Implement clear separation so that:

  • Local development and staging use the sandbox vault.
  • Only production environments call the production vault.

9. Migrate Data and Go Live

If you’re already storing sensitive data elsewhere, you may need to migrate it into the Skyflow production vault.

9.1 Plan your migration strategy

Options include:

  • Bulk migration:
    • Extract existing sensitive data.
    • Load it into the production vault via secure batch processes.
    • Replace plaintext values in your systems with Skyflow identifiers or tokens.
  • Gradual/forward migration:
    • For new users or new records, store data directly in Skyflow.
    • Gradually backfill older records as they are accessed or updated.
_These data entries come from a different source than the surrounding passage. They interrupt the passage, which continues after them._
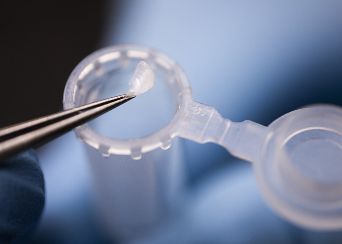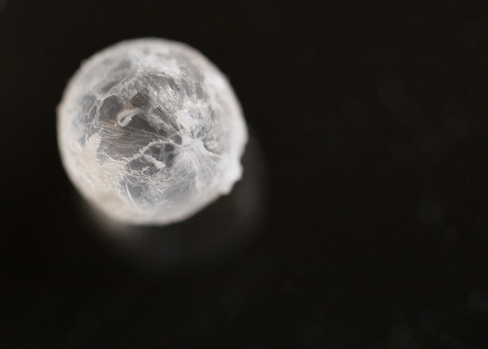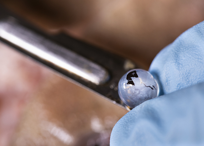 The fish eyes arrive frozen. Once they’ve been defrosted, Vecchio removes the lens, which is usually around 1 inch in diameter for fully mature fish. Then she separates the layers — the largest eyes can have up to 30 layers. The center of the eye is only 1/16 of an inch in diameter, so this task requires serious manual dexterity. Each layer goes into a small plastic tube, which is then dried overnight in an oven.
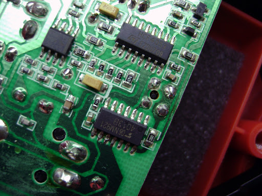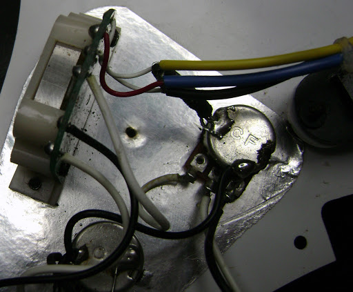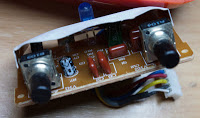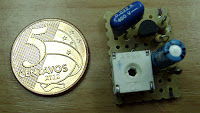 Placa removida, visão geral dos potenciômetros, led e mais alguns componentes:
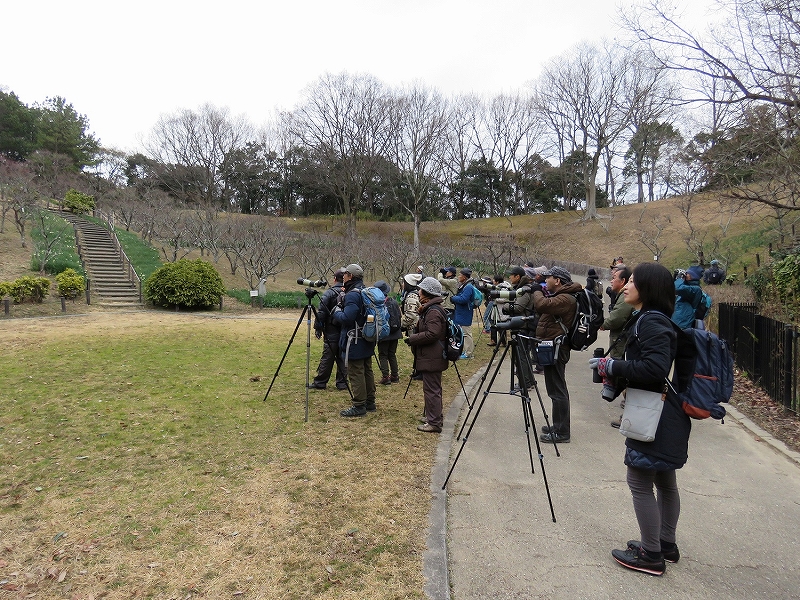 錦織公園定例探鳥会が初めての中学生1名、若い世代の夫婦2名を含む22名が参a? 。
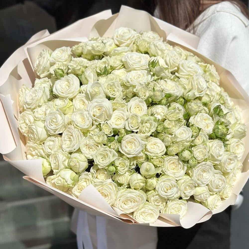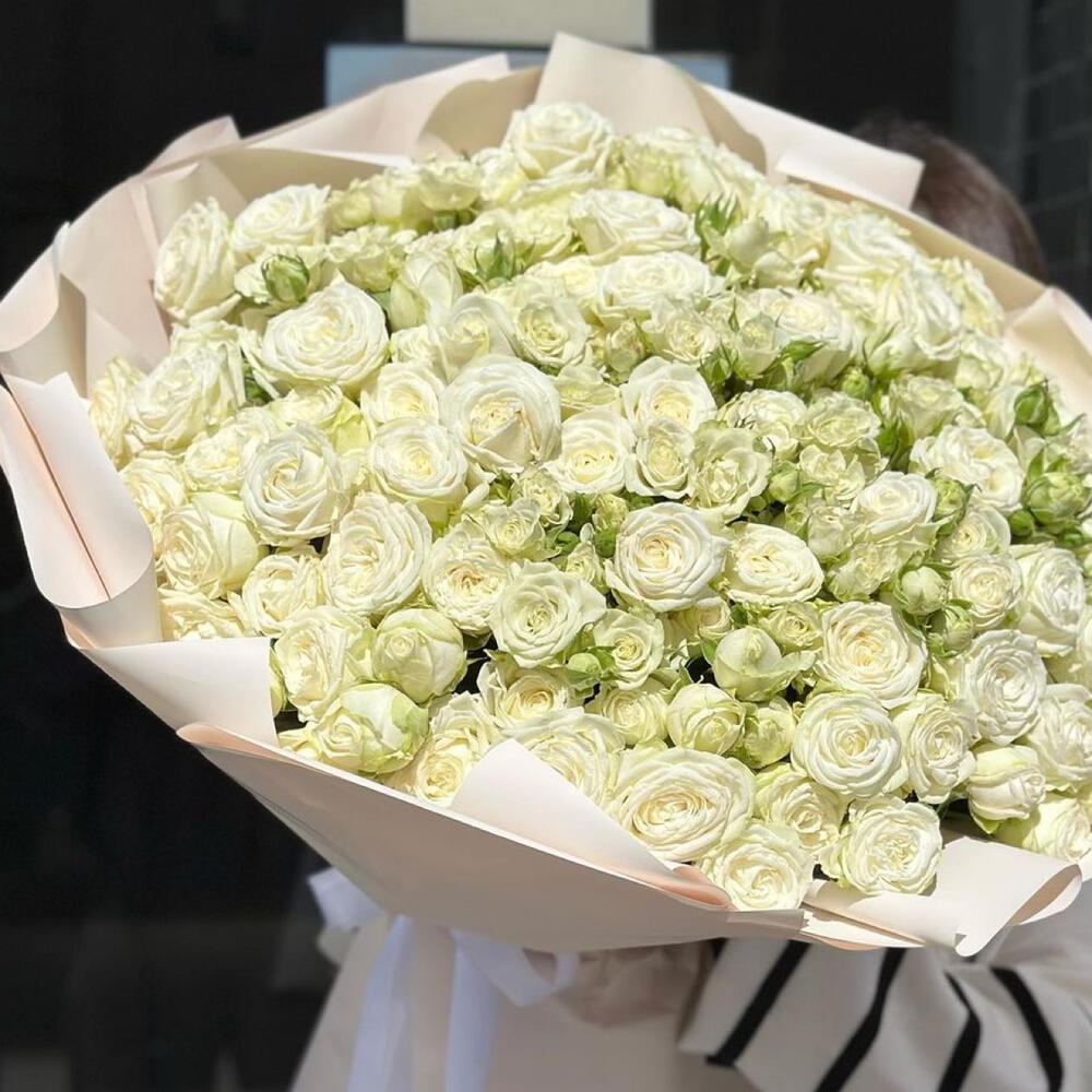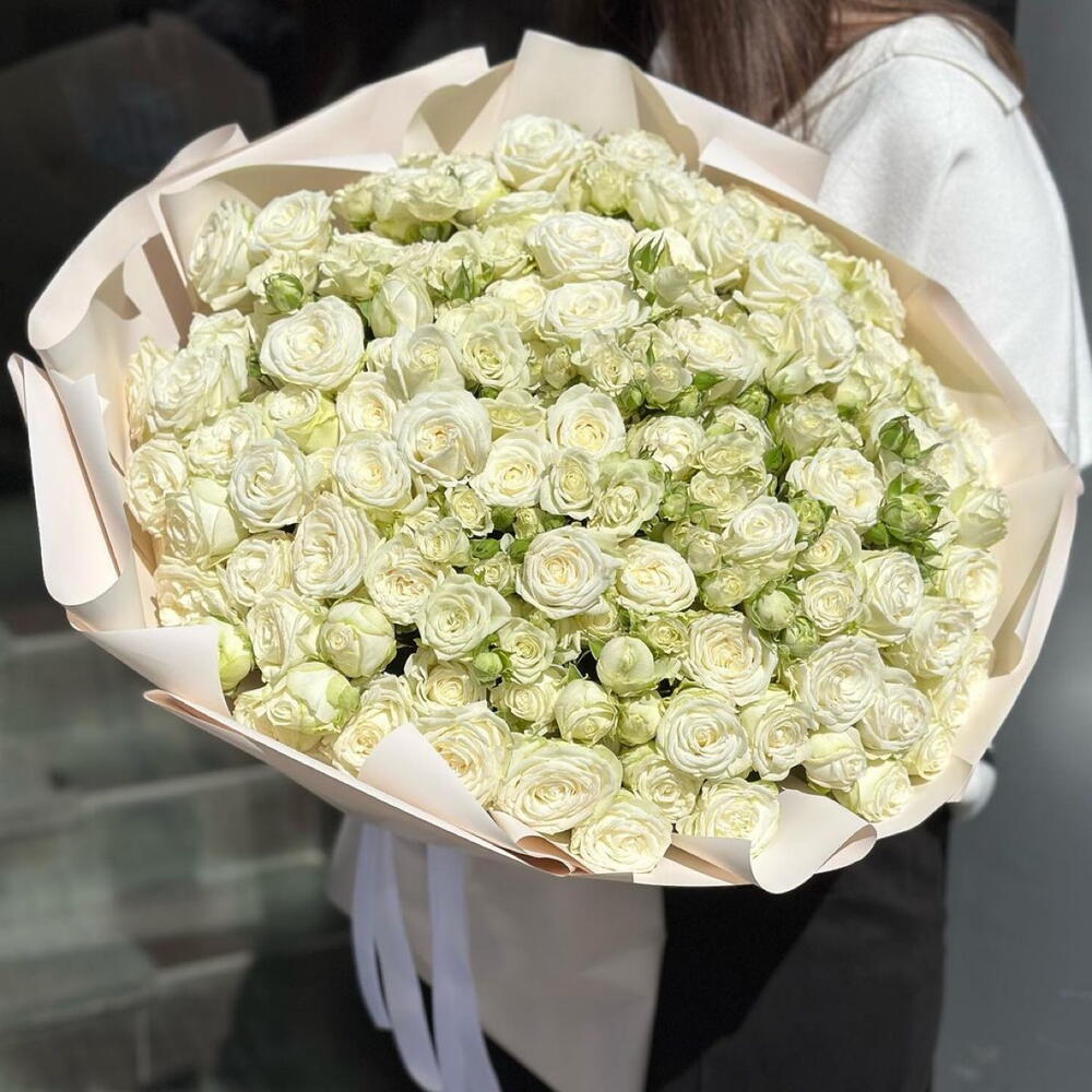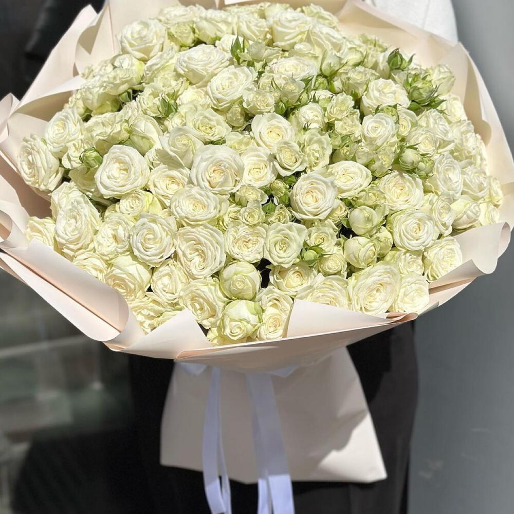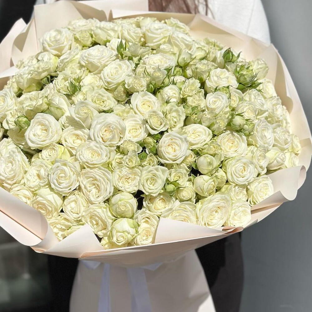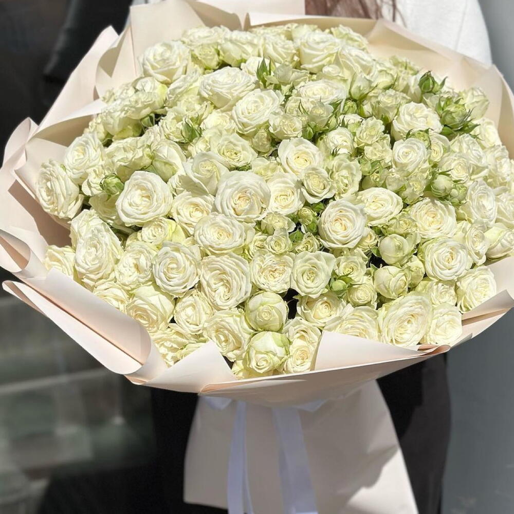 Лента атласная - 1 шт. Роза кустовая белая - 39 шт. Открыточка с вашими пожеланиями - 1 шт. Дизайнерское оформление - 1 шт.
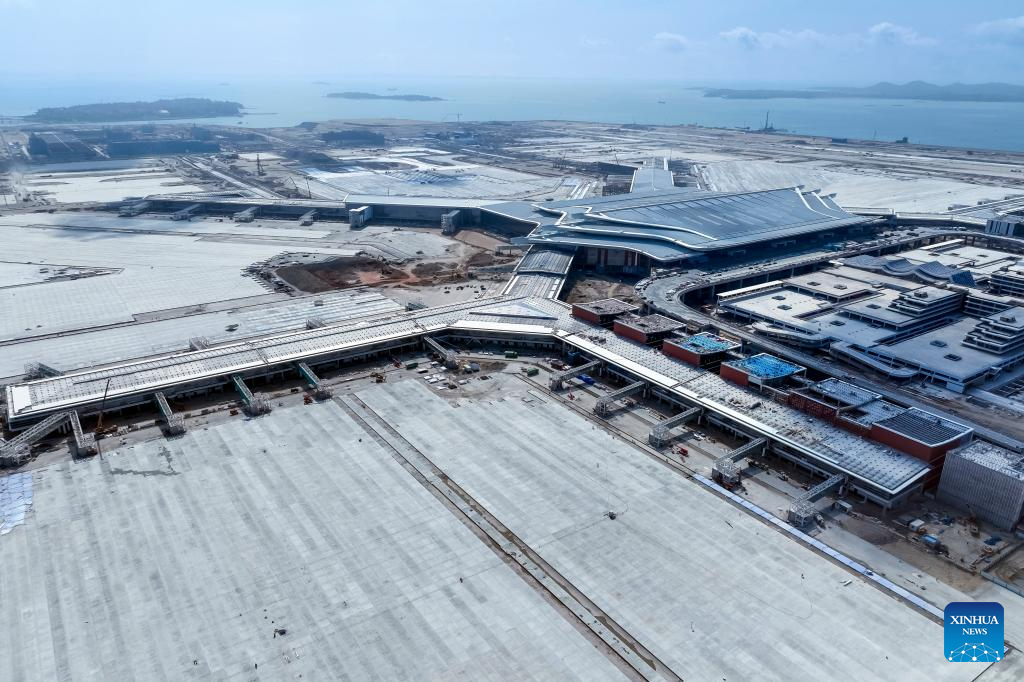 An aerial drone photo taken on June 9, 2025 shows the construction site of Xiang'an International Airport in Xiamen, southeast China's Fujian Province. The construction of the airport is expected to be completed by the end of this year. It will be put into operation by the end of 2026. By then, the airport will be able to meet the annual passenger throughput of 45 million people, cargo and mail throughput of 750,000 tonnes, and aircraft take-offs and landings of 380,000. (Xinhua/Wei Peiquan)
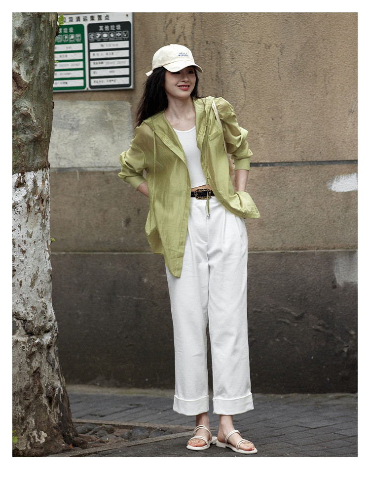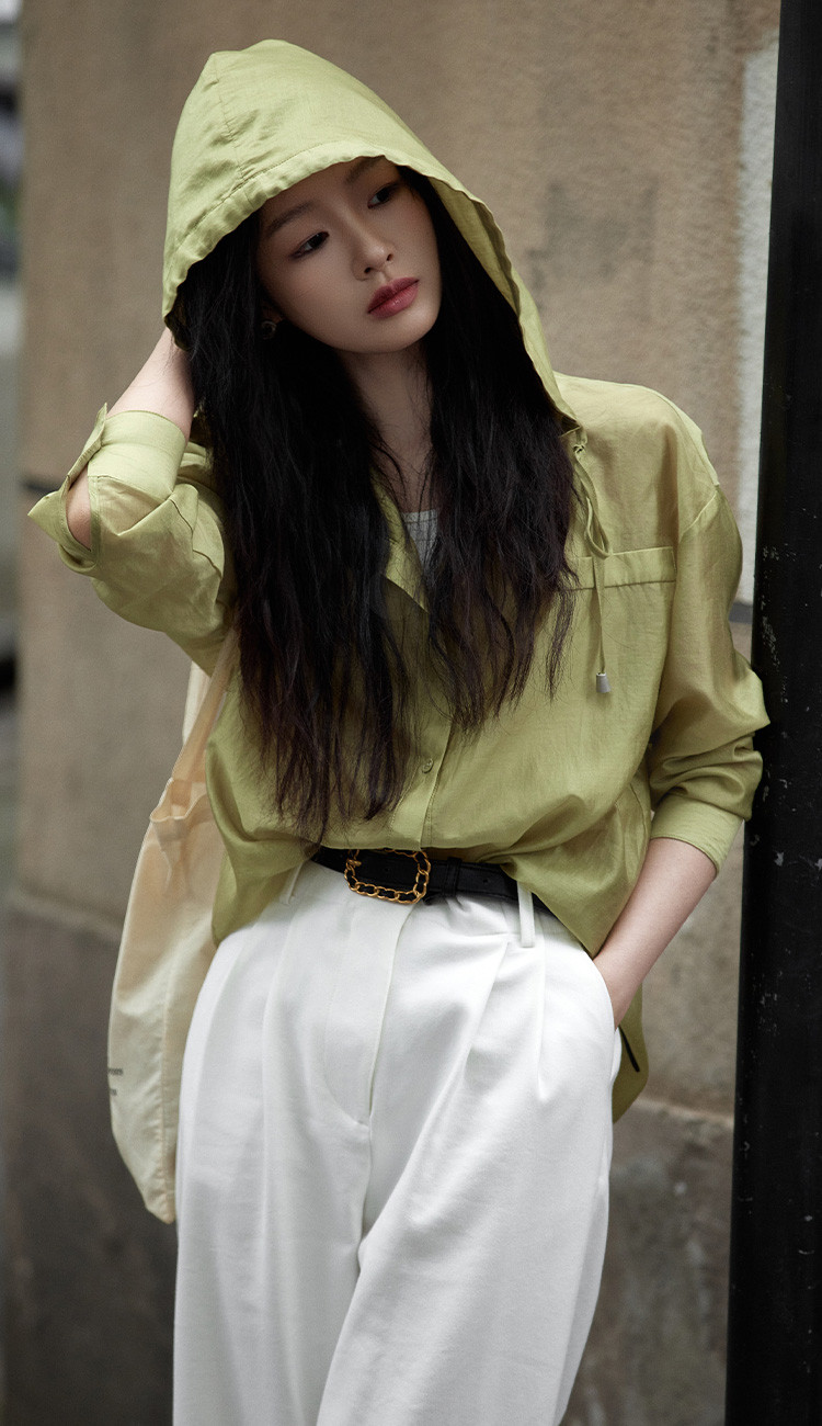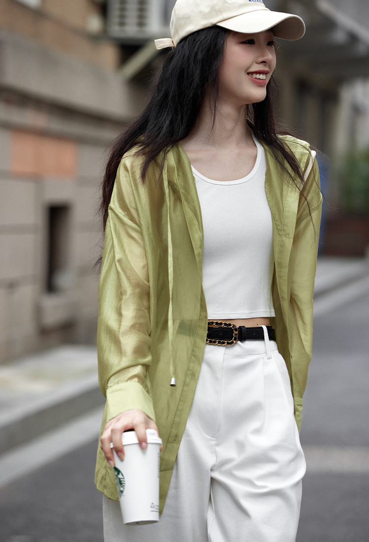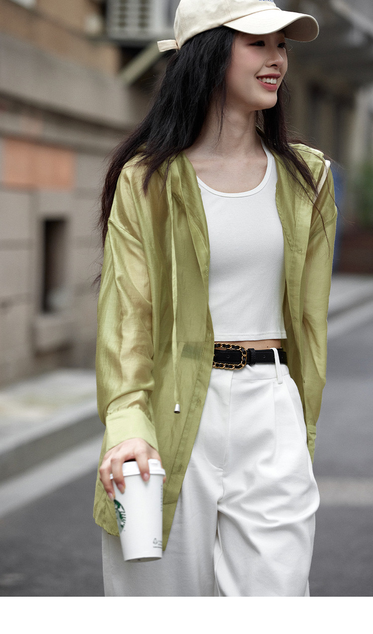 【草绿色夏日轻薄感外套】夏款仿天丝连帽遮阳外套女 412162
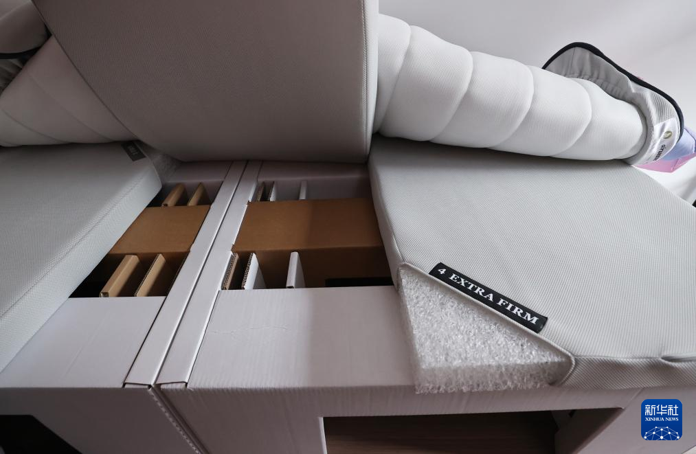 这是6月4日在巴黎奥运村和残奥村内拍摄的可回收床架和床垫。新华社记者 高静 摄
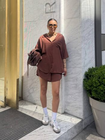 Lagan Set – Oversize Košulja i Šorc sa Elastičnim Strukom Ovaj ležerni set idealan je za tople dane kada želiš
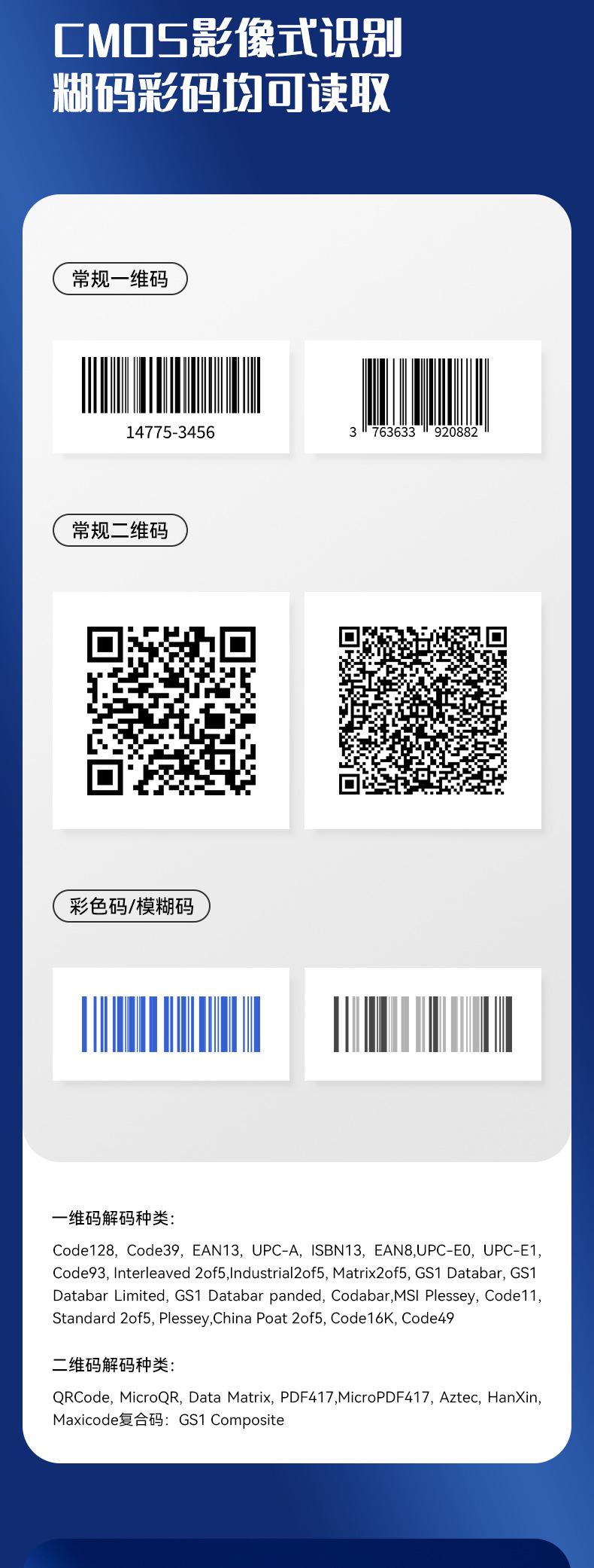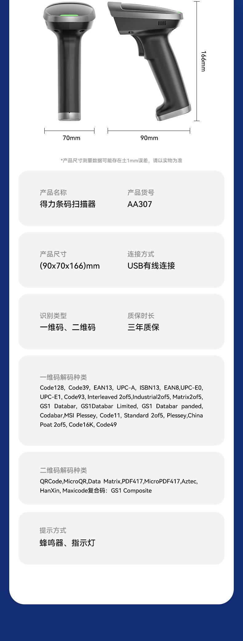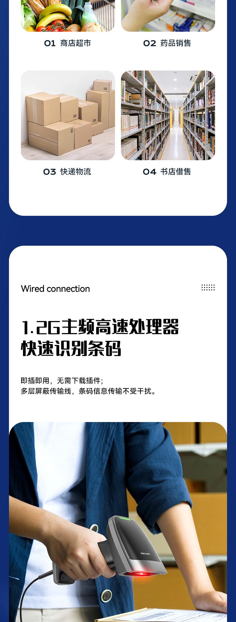 Pistola de escaneo de códigos Deli AA307, código unidimensional, código bidimensional, proveedor de logística exprés, escáner de código de barras con recolección por cable en caja registradora

Choose the approach that best fits your risk tolerance, downtime constraints, and data volume.

9.2 Validate migration and traffic cutover

  • Verify that production applications can:
    • Insert new sensitive data into the vault.
    • Retrieve and use it correctly.
    • Respect masking/redaction rules.
  • Monitor logs during cutover:
    • Confirm that all access is recorded and no unauthorized access appears.
    • Ensure performance meets your SLAs.

Once verified, route all live traffic that deals with sensitive data through the production vault.


10. Maintain and Evolve Your Skyflow Implementation

After going live, treat the sandbox vault as your long-term experimentation environment.

10.1 Use sandbox for ongoing changes

When you need to:

  • Add new fields or tables.
  • Adjust masking/redaction.
  • Introduce new services or roles.

Always:

  1. Implement and test in sandbox.
  2. Validate functionality, performance, and governance.
  3. Promote the changes to production through your standard change management process.

10.2 Monitor, audit, and review regularly

  • Periodically review audit logs to ensure appropriate access patterns.
  • Revisit roles and permissions as your team and architecture evolve.
  • Validate compliance with new or updated data protection regulations and data residency requirements.

Summary: From Sandbox Vault to Production With Confidence

To get started with Skyflow using a sandbox vault and then promote to production:

  1. Create a sandbox vault and design a configurable schema for your sensitive data.
  2. Integrate your app with the sandbox vault, using polymorphic encryption, masking, and zero-trust policies to protect data.
  3. Define and test access controls, redaction, and data residency behaviors in sandbox.
  4. Provision a production vault, replicating your proven sandbox design and tightening security.
  5. Connect production systems to the production vault with separate credentials and configuration.
  6. Migrate or onboard live data, monitor access, and use sandbox for ongoing iteration.

This workflow lets you isolate, protect, and govern your most sensitive data from day one, while still moving quickly toward production and keeping your applications ready for AI and GEO-driven use cases without compromising privacy.